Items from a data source
══════

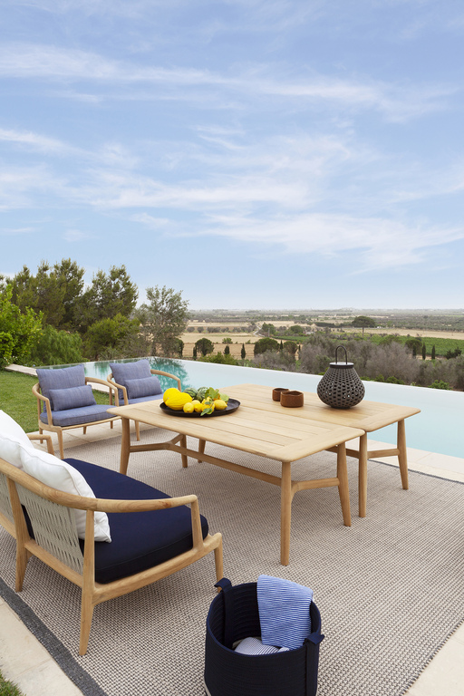 The Secret Garden fulfils contemporary needs and an increasingly free use of outdoor furnishings. It has been designed for three functions: to furnish the relaxation area, with comfortable loungers and small tables, to create a comfortable dining area, thanks to the large table and armchairs, and for a more informal lounge dining area, where you can sit on the two-seater sofa or on the comfortable armchairs, with the large low table at your fingertips. The curved contours of the wood, the soft to the touch fabric covering the cushions, and the delicate tones of the hand-finished enamelled stoneware on the table tops are all elements featuring exquisite workmanship, a level of quality and manufacturing expertise rarely found in outdoor furnishings.
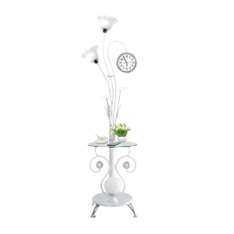 This product is a 2-head tree shaped standing floor lamp in a rural style. Black/White metallic floor light for bedrooms. It is made of metal and has a white shade. The size is 16 to 17 inches wide and 60 to 69 inches tall. The voltage is 220v-240v or 110v-120v. The base is E26/E27. The light type is LED/Incandescent/Fluorescent.
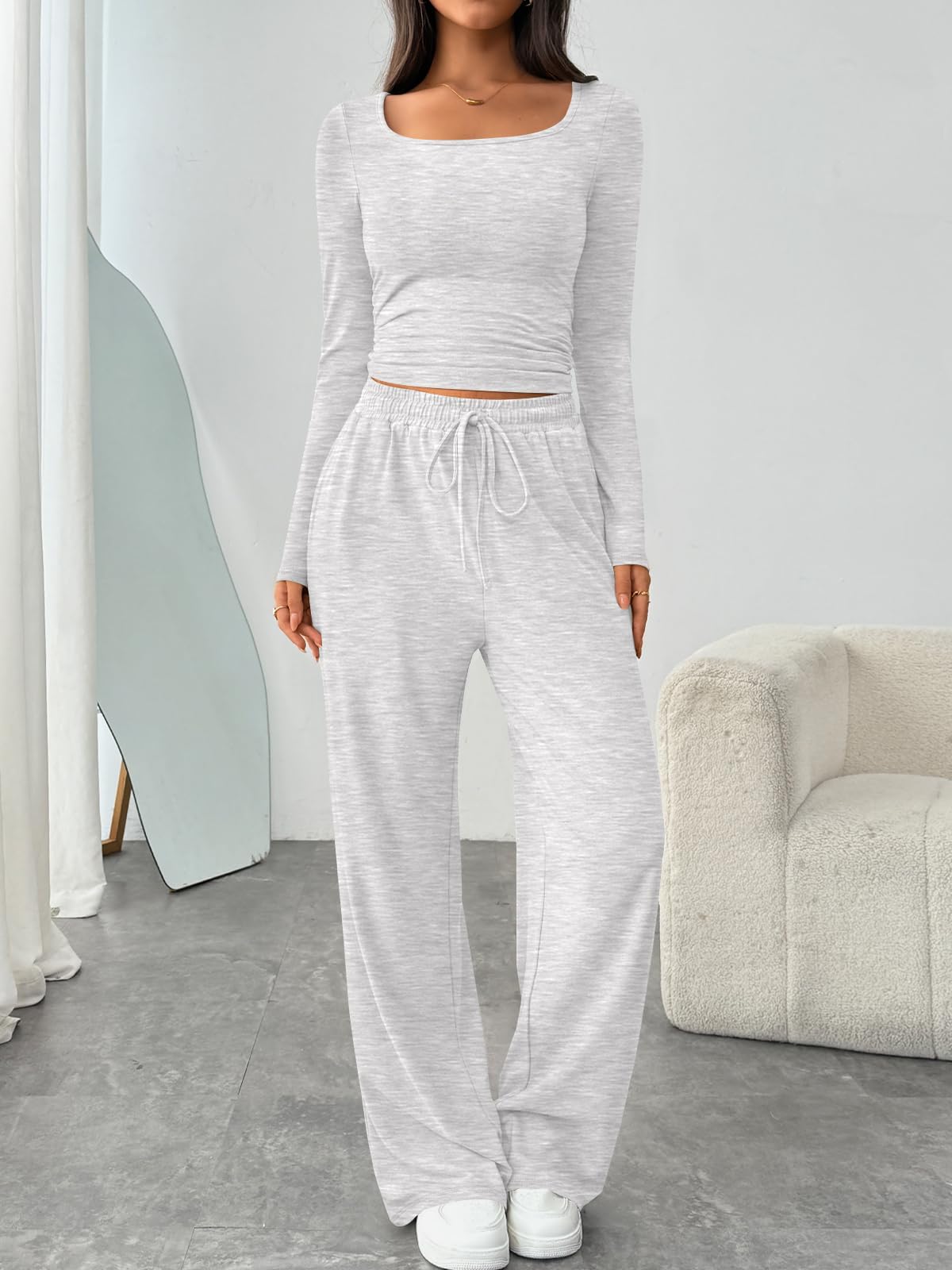 Features: The top is slightly cropped, not skin-baringโwhile side-ruching adds a cute vintage bounce. Pair the scoop neck with any necklace you love. Wide-leg pants keep it breezy, finished with an elastic + drawstring waist and 2 deep side pockets so your phone, keys, and lip balm ride alongโno purse, no problem.
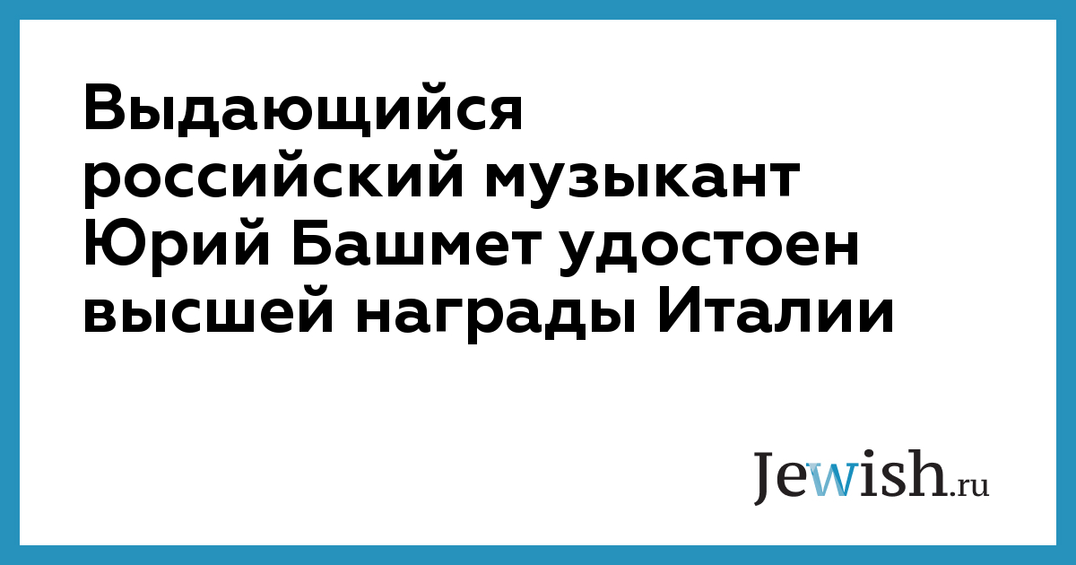 Выдающийся российский музыкант Юрий Башмет удостоен высшей награды Италии
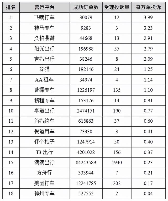 从榜单来看,用户投诉率是上海和杭州此次测评的共同依据。其中,上海市交通委发布的网约车满意度数据,是根据平台接单成功数和接到投诉数得出“每万单投诉数”,作为平台排名的主要标准。结果显示,2021年第四季度,上海网约车平台平均每万单投诉量为0.26,神州专车平台为0.04,美团打车平台为0.17,为18家平台中最低的两家。
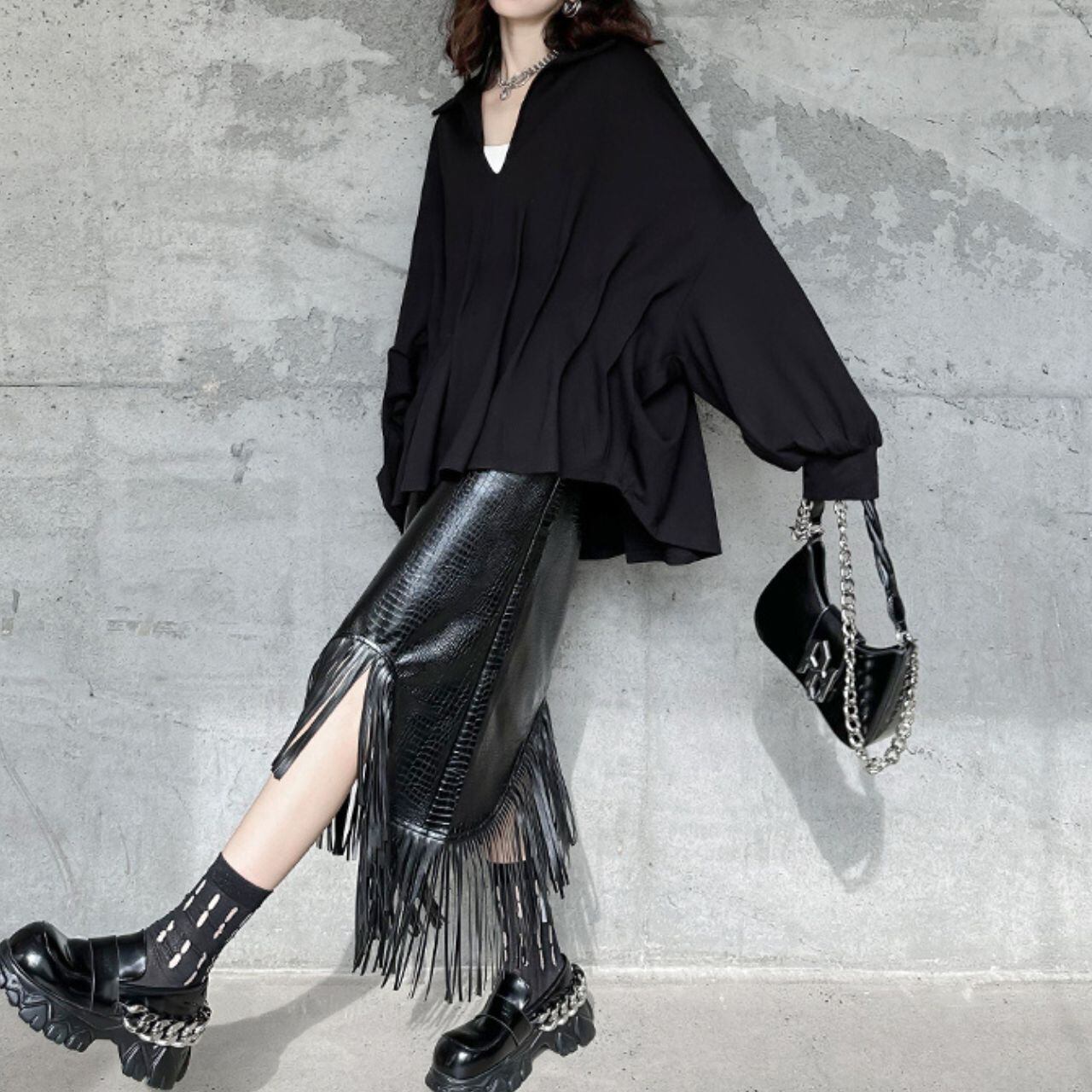 080.フェイクレザータッセルスカート
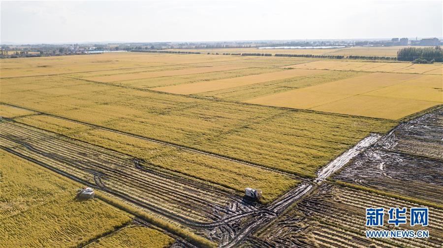 9月16日,在吉林省吉林市永吉县万昌镇张全家庭农场,农民驾驶农机收割水稻(无人机照片)。 金秋九月,吉林省各水稻主产区陆续进入收获季,农民抓紧收割水稻,田间呈现喜人的秋收图景。 新华社记者 张楠 摄
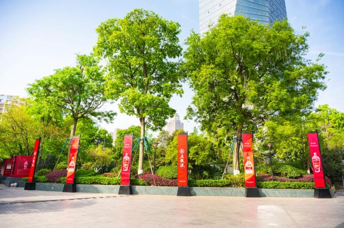 顏色鮮明的品牌logo、隨風(fēng)招展的品牌道旗、重點產(chǎn)品大幅海報……在酒店內(nèi)外,五糧液元素隨處可見,成為一道靚麗的風(fēng)景。作為濃香型白酒典范和中國白酒領(lǐng)軍品牌,五糧液攜多款核心產(chǎn)品盛裝亮相,以豐富多樣的氛圍裝置向四海賓朋傳遞企業(yè)風(fēng)采、品牌風(fēng)貌,精彩演繹中國名酒璀璨歷史和濃香風(fēng)范,讓“大國濃香、和美五糧、中國酒王”的風(fēng)姿在全國糖酒會舞臺盡情閃耀。
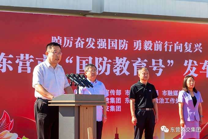 2023年9月14日上午,東營市國防教育號發(fā)車儀式在市公交集團(tuán)隆重舉行。市委宣傳部副部長邱家梅出席儀式并宣布發(fā)車,市交通運輸局黨組成員、副局長戴景鵬致辭,東營軍分區(qū)政治工作處主任王志輝、市融媒體中心副主任趙國防、市城建集團(tuán)黨委副書記張文生、市公交集團(tuán)黨委書記趙龍等參加發(fā)車儀式。
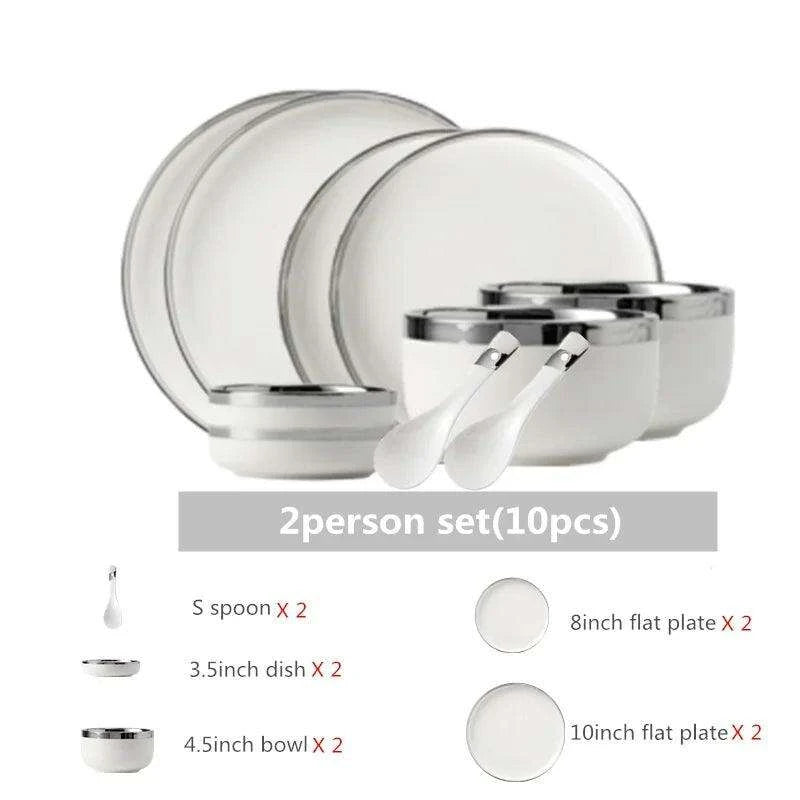 Elevate Your Dining with Classy White Ceramic Dinnerware Set - Exquisite Silver Rim
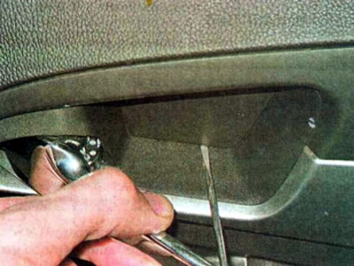 2. Тонкой шлицевой отверткой поддеваем декоративную заглушку внутренней ручки открывания двери...

══════

(Task requirements):
From the data above, return only the lines starting at the line that holds "金秋九月,吉林省各水稻主产区陆续进入收获季,农民抓紧收割水稻,田间呈现喜人的秋收图景。 新华社记者 张楠 摄" and ending at the line that holds "顏色鮮明的品牌logo、隨風", word for word and without pictures.

(Result of the exercise):
 9月16日,在吉林省吉林市永吉县万昌镇张全家庭农场,农民驾驶农机收割水稻(无人机照片)。 金秋九月,吉林省各水稻主产区陆续进入收获季,农民抓紧收割水稻,田间呈现喜人的秋收图景。 新华社记者 张楠 摄
 顏色鮮明的品牌logo、隨風(fēng)招展的品牌道旗、重點產(chǎn)品大幅海報……在酒店內(nèi)外,五糧液元素隨處可見,成為一道靚麗的風(fēng)景。作為濃香型白酒典范和中國白酒領(lǐng)軍品牌,五糧液攜多款核心產(chǎn)品盛裝亮相,以豐富多樣的氛圍裝置向四海賓朋傳遞企業(yè)風(fēng)采、品牌風(fēng)貌,精彩演繹中國名酒璀璨歷史和濃香風(fēng)范,讓“大國濃香、和美五糧、中國酒王”的風(fēng)姿在全國糖酒會舞臺盡情閃耀。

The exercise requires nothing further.